If you are developing a “one-off” rails app with the intent of using it
on an isp hosted server, would it normally work better to develop and
debug the thing locally (like on a Mac for instance), and then go
through a round of “move it to the server and retest everything there
and get it working there”? Or would you be better off to just develop
the whole thing “out there” on the server?

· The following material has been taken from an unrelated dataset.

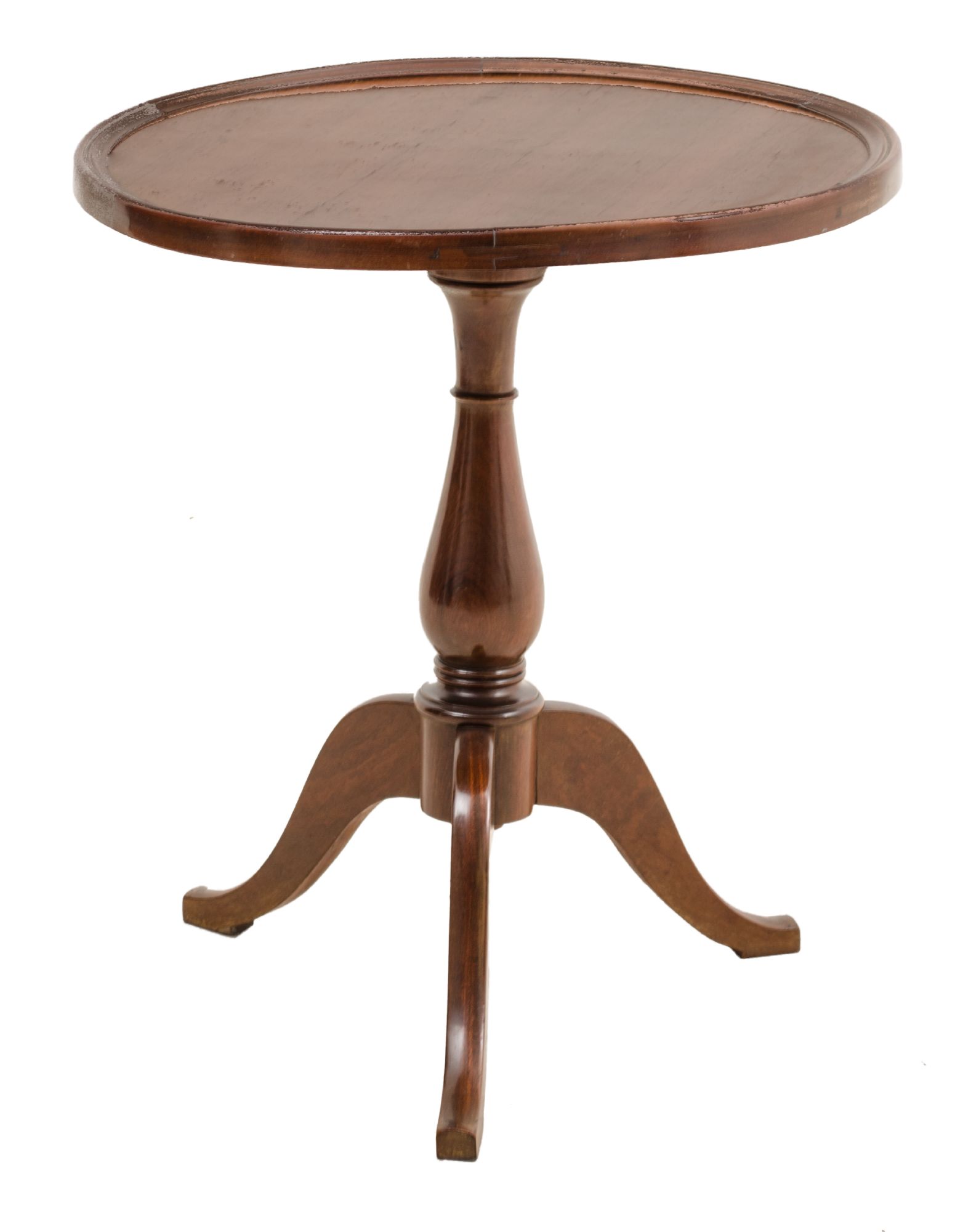 TAVOLINO tondo in mogano, fusto a colonna e piede tripode. Sicilia primi '900...

Are there any IDE’s that work directly on files that are on a remote
host instead of local files?

thoughts? experiences?

thanks,
jp

The answer to this one is a resounding “develop and debug locally”. You
basically can’t do any development tasks on a hosting account (they will
get very annoyed at you). Many rails developers choose to develop
locally using the webrick server, because it’s quick and easy to use.
However, if you are deploying to a particular server configuration, such
as Apache/FastCGI, then it’s probably worth also testing that
configuration out on your machine as well, just so you know it isn’t
going to have any major problems.

Jeff P. wrote:

Are there any IDE’s that work directly on files that are on a remote
host instead of local files?

thoughts? experiences?

thanks,
jp

My thoughts…

Develop it locally - you can control the environment much more easily
this way, but ensure that nothing is hardcoded for your local
environment
Test it remotely frequently (like once a day) using SwitchTower or
similar to deploy the code on the production environment so that the
time between you introducing an environment specific bug and the time it
gets reported to you is very small

Follow a Test Driven approach and you’ll be ok. One of the hardest
parts of any server project is deployment, Rails + SwitchTower does make
this part a lot less painful (think Java deployment [shudder]).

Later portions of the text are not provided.